Tsui Wai Kwan diz que este não é o momento adequeado para avançar com a reforma, pois, defende, não há consenso na sociedade.Para o deputado a ser “lançada uma proposta que não reúna o consenso social, irá confrontar-se inevitavelmente com diversos obstáculos à sua concretização, podendo mesmo haver o risco de agravamento dos conflitos e de desagregação social”. Para Tsui Wai Kwan, “Macau tem de se adaptar à realidade e às características locais”, sem “atalhos, nem copiar completamente as experiências de outros sítios”.Na sua opinião, o Governo não deve definir o rumo e o objectivo do sistema.

No mesmo sentido foi a intervenção de Ung Choi Kun. O deputado diz não ser possível fazer comparações com Hong Kong, porque cada território tem a sua Lei Básica. Ung Choi Kun pede um estudo aprofundado por parte do Governo “sobre a margem de desenvolvimento do sistema, tendo em conta a Lei Básica,a fim de, com base no consenso social, promover gradualmente o desenvolvimento do nosso sistema político”.

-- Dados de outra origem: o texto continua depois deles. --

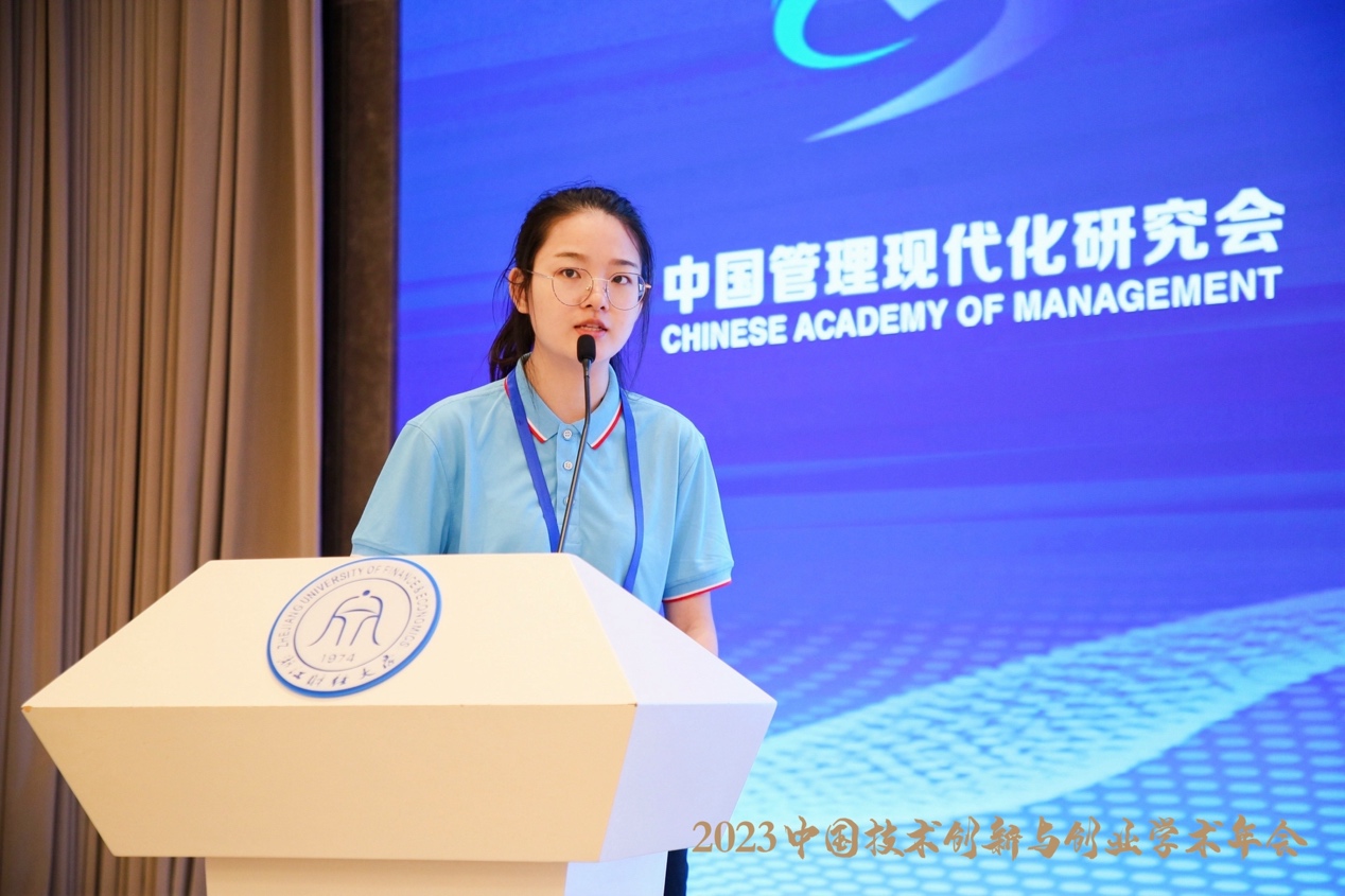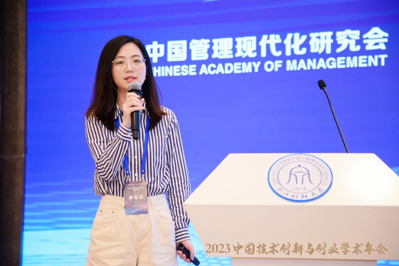 第一位嘉宾是来自浙江财经大学的胡双,她的报告题目为“高管团队的创业导向、企业的数字化转型与创新绩效”。研究着重探讨:以企业CEO为核心的高管团队的创业导向以及其企业层面的后果。并将企业数字化转型、高管团队的创业导向等核心构念进行了细致区分。她认为,创新是推动国家经济改革和发展的重要力量,企业应承担并发挥创新主体的作用。

Angela Leong pediu também um estudo aprofundado sobre o tema. “Em face das exigências da sociedade sobre esta matéria, o Governo pode realizar um trabalho de ampla auscultação pública, observando rigorosamente o disposto na Lei Básica para pode reunir, primeiro, o consenso na sociedade e, depois, efectuar estudos sérios sobre a questão do desenvolvimento do sistema político de Macau.

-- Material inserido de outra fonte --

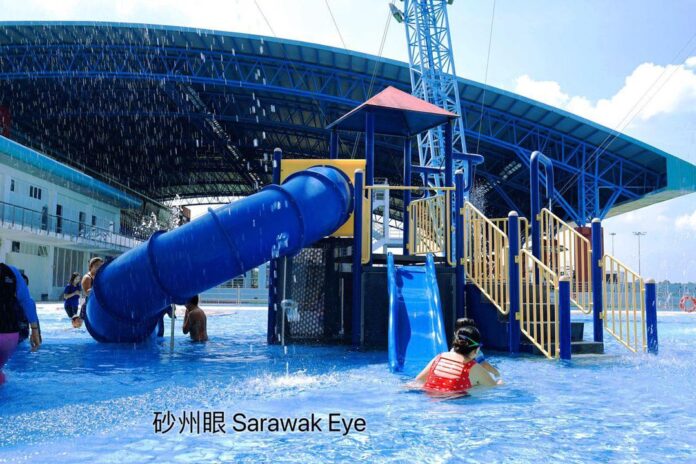 虽然水上中心坐落在Petra Jaya,离古晋市区有一段距离,但遇到假期或周末,也会有一些华裔父母带孩子前往,因为里头的迷你水上儿童设施,对孩子来说有很大的吸引力。

Chan Chak Mo entende que o actual modelo tem “provado ser adequado às necessidades do desenvolvimento de Macau”. Ainda assim o deputado lembra que “não se pode descurar a importância da educação civíca. É necessário consciencializar os cidadãos sobre a noção de sujeito, a fim de que assumam o papel de efectivos sujeitos nos assuntos políticos e públicos, e tomem ainda parte activa nas relações sócio-políticas”. Isso "contribuirá para um conhecimento mais claro sobre o passado, o presento e o futuro de Macau, que os impulsionará a participarem, voluntária e racionalmente, nos assuntos sociais e políticos".